Former Midvaal mayor Bongani Baloyi has quit the DA after 14 years.
On Monday morning Baloyi announced he was leaving the DA but has not shared the reasons, except to say it was a decision he took himself.
“My journey with the @Our_DA ends today. It has been an amazing 14 years which I will always be proud of and I will remain grateful to the DA for their support and opportunities afforded to me. I leave out of my own agency. Not because I am being purged or any nonsense like that,” the 34-year-old announced on Twitter on Monday.
Baloyi’s announcement leaves an egg on the DA’s face after the opposition party announced him as its Gauteng premier candidate for 2024.
It is unclear what Baloyi will do, but his tweets raised suspicions that he may join new kids on the block ActionSA.
“I leave on my time and terms, with a clean track record in government and the party. Now it’s time for me to focus on exciting opportunities before me.
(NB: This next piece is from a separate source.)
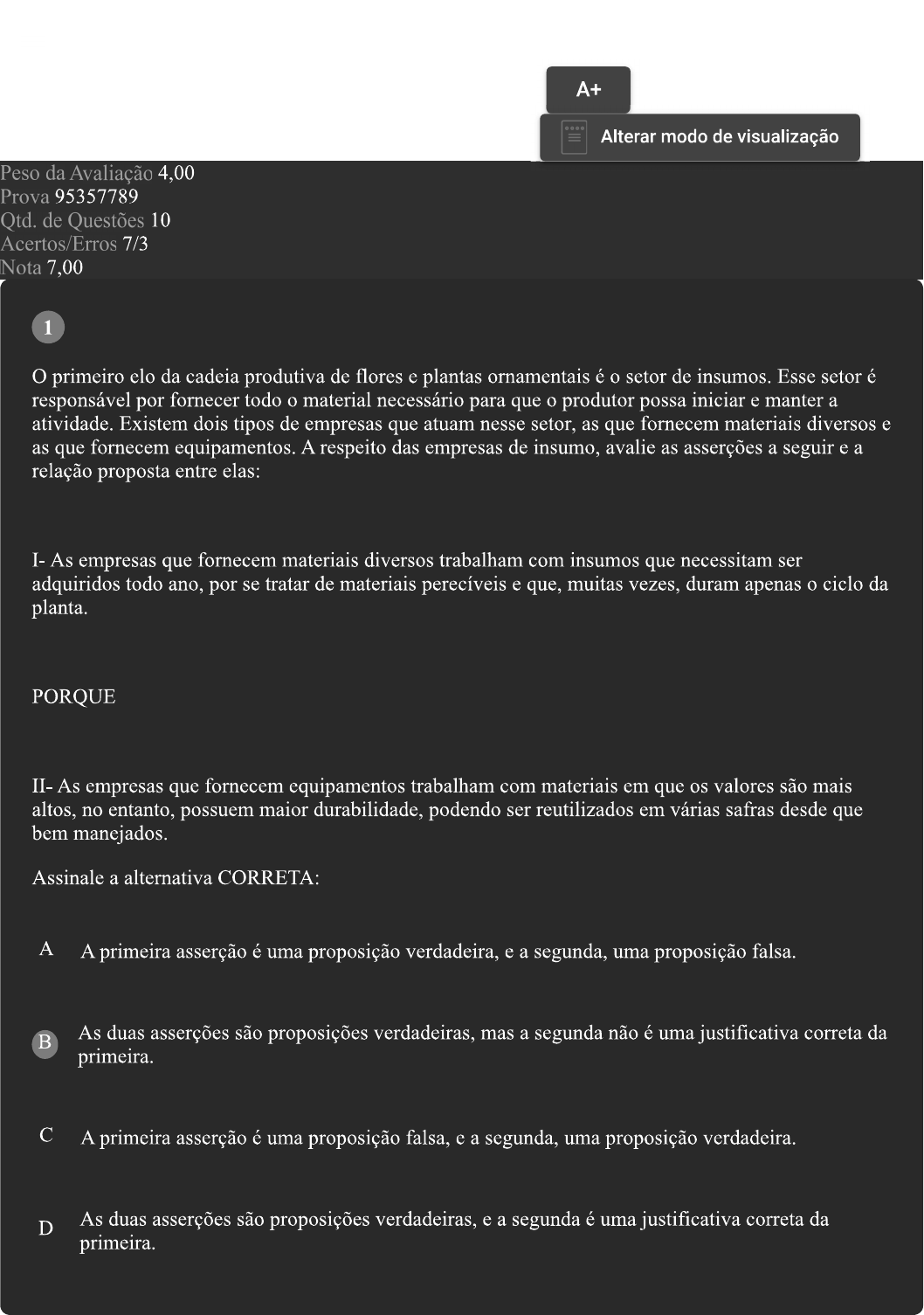 A+ Alterar modo de visualização Peso da Avaliação 4,00 Prova 95357789 Qtd. de Questões 10 Acertos/Erros 7/3 Nota 7,00 1 O primeiro elo da cadeia produtiva de flores e plantas ornamentais é setor de insumos. Esse setor é responsável por fornecer todo material necessário para que produtor possa iniciar e manter a atividade. Existem dois tipos de empresas que atuam nesse setor, as que fornecem materiais diversos e as que fornecem equipamentos. A respeito das empresas de insumo, avalie as asserções a seguir e a relação proposta entre elas: I- As empresas que fornecem materiais diversos trabalham com insumos que necessitam ser adquiridos todo ano, por se tratar de materiais perecíveis e que, muitas vezes, duram apenas ciclo da planta. PORQUE II- As empresas que fornecem equipamentos trabalham com materiais em que os valores são mais altos, no entanto, possuem maior durabilidade, podendo ser reutilizados em várias safras desde que bem manejados. Assinale a alternativa CORRETA: A A primeira asserção é uma proposição verdadeira, e a segunda, uma proposição falsa. B As duas asserções são proposições verdadeiras, mas a segunda não é uma justificativa correta da primeira. C A primeira asserção é uma proposição falsa, e a segunda, uma proposição verdadeira. D As duas asserções são proposições verdadeiras, e a segunda é uma justificativa correta da primeira.2 Os princípios de estética são utilizados para dispor os elementos naturais e arquitetônicos da melhor forma e assim tornar espaço agradável para as pessoas que frequentam. Sobre os princípios de estética, analise as sentenças a seguir: I- A mensagem utiliza linhas, formas, texturas e cores para transmitir sensações agradáveis aos frequentadores do espaço paisagístico. A escala é utilizada para dispor os elementos no jardim com base no distanciamento entre eles. III- A harmonia propõe que se faça a melhor combinação entre os elementos para que haja unidade na disposição dos diversos elementos. IV- O clímax se refere ao momento em que os usuários adentram a composição paisagística e, assim, se sentem muito Assinale a alternativa CORRETA: A Somente a sentença IV está correta. B As sentenças I, II e III estão corretas. C As sentenças II, III e IV estão corretas. D As sentenças I e IV estão corretas. Revisar Conteúdo do Livro 3 Os jardins são paisagens construídas pelo homem e, por isso, possuem relação direta com a evolução humana. Cada civilização, em seu tempo, desenvolveu seu próprio estilo de jardim, que representam a cultura de determinado povo e seu modo de vida. Sobre a evolução histórica e os estilos de jardim, classifique V para as sentenças verdadeiras e F para as falsas: ( ) Os jardins persas têm como característica a vegetação organizada em um jogo de luzes e sombras.( ) Os jardins da Idade Média possuíam caminhos desenhados em ângulos retos que lembravam uma cruz ( ) Os jardins franceses eram locados em áreas mais rurais, devido ao clima ameno encontrado nessas áreas, além de proporcionarem vistas panorâmicas da paisagem. ( ) Os jardins ingleses tinham sua concepção baseada em recriar a natureza, sendo marcante a presença de uma montanha ou um lago. Assinale a alternativa que apresenta a sequência CORRETA: A B C F-V-V-V D 4 Quando se pretende desenvolver um negócio, é preciso estar atento aos aspectos que envolvem esse negócio. Dessa forma, é necessário seguir alguns passos para se obter sucesso. Sobre planejamento de uma produção comercial, ordene os itens a seguir: I- Definir as espécies que serão cultivadas. II- Comercialização e toda a logística necessária para transporte dos produtos. III- Escolha do local onde serão montadas as estruturas para a produção. IV- Compra de insumos e outros materiais necessários de acordo com sistema produtivo. Assinale a alternativa que apresenta a sequência CORRETA:A II IV I - - III. B C D - II - III IV. Revisar Conteúdo do Livro 5 As plantas produzem seu próprio alimento através da fotossíntese, pela retirada de nutrientes presentes no ambiente. Ao todo, existem 16 elementos que são considerados essenciais para as plantas e por isso recebem nome de nutrientes. Esses nutrientes são divididos em macro e micronutrientes, em função da quantidade requerida pelas A respeito da nutrição de plantas, avalie as asserções a seguir e a relação proposta entre elas: I- Por serem exigidos em maior quantidade pelas plantas, é fato que que a falta de algum desses nutrientes provoca desequilíbrio nutricional na planta, sendo que isso não ocorre com os micronutrientes. PORQUE II- Os micronutrientes, sejam eles ferro, zinco, cobre, molibdênio e cloro, são exigidos em menor quantidade, sendo que excesso, assim como ocorre com os macronutrientes, provocam distúrbios nas plantas que as tornam mais suscetíveis a pragas e doenças. Assinale a alternativa CORRETA: A A primeira asserção é uma proposição falsa, e a segunda, uma proposição verdadeira. B A primeira asserção é uma proposição verdadeira, e a segunda, uma proposição falsa. As duas asserções são proposições verdadeiras, e a segunda é uma justificativa correta da primeira.D As duas asserções são proposições verdadeiras, mas a segunda não é uma justificativa correta da primeira. Revisar Conteúdo do Livro 6 Na fase de implantação é preciso observar algumas etapas a serem seguidas, de forma a possibilitar que as mudas sobrevivam, uma vez que as plantas passam por muito estresse nessa mudança para seu local definitivo. Sobre as etapas da implantação, ordene os itens a seguir: I- Remoção do recipiente. II- Manutenção. III- Estaqueamento da muda. Abertura do berço. Assinale a alternativa que apresenta a sequência CORRETA: A I - IV III II. B C II. D II - IV - I III. 7 Os espaços urbanos são caracterizados pela presença das construções e a impermeabilização do solo. Esses aspectos causa

Good luck to the friends, colleagues and leadership of @Our_DA. We will meet somewhere. #BonganiBaloyiLeavesDA,” he said.
Baloyi become the youngest mayor when he took the reins at Midvaal in 2013 and went on to make it one of the most successfully run municipalities in country.
Under his stewardship, which ended after the November 1 local government elections, Midvaal municipality received two clean audits and was ranked the top performing municipality.
According to the DA website, Baloyi joined the party in 2005 where he has over the years served as a member of the Vaal region executive committee, the provincial executive committee and as a federal council member.
The website says he has participated in the DA Young Leaders Programme, and previously served as chairperson of the Midvaal Youth Development Forum Board.
The DA has been bleeding black leaders following the departure of former MP Phumzile Van Damme in June. Other black leaders who have left the party include former leader Mmusi Maimane, former Johannesburg mayor Herman Mashaba who went on to form ActionSA, Tshwane councillor Abel Tau, Johannesburg councillor Funzi Ngobeni and former Gauteng leader John Moodey.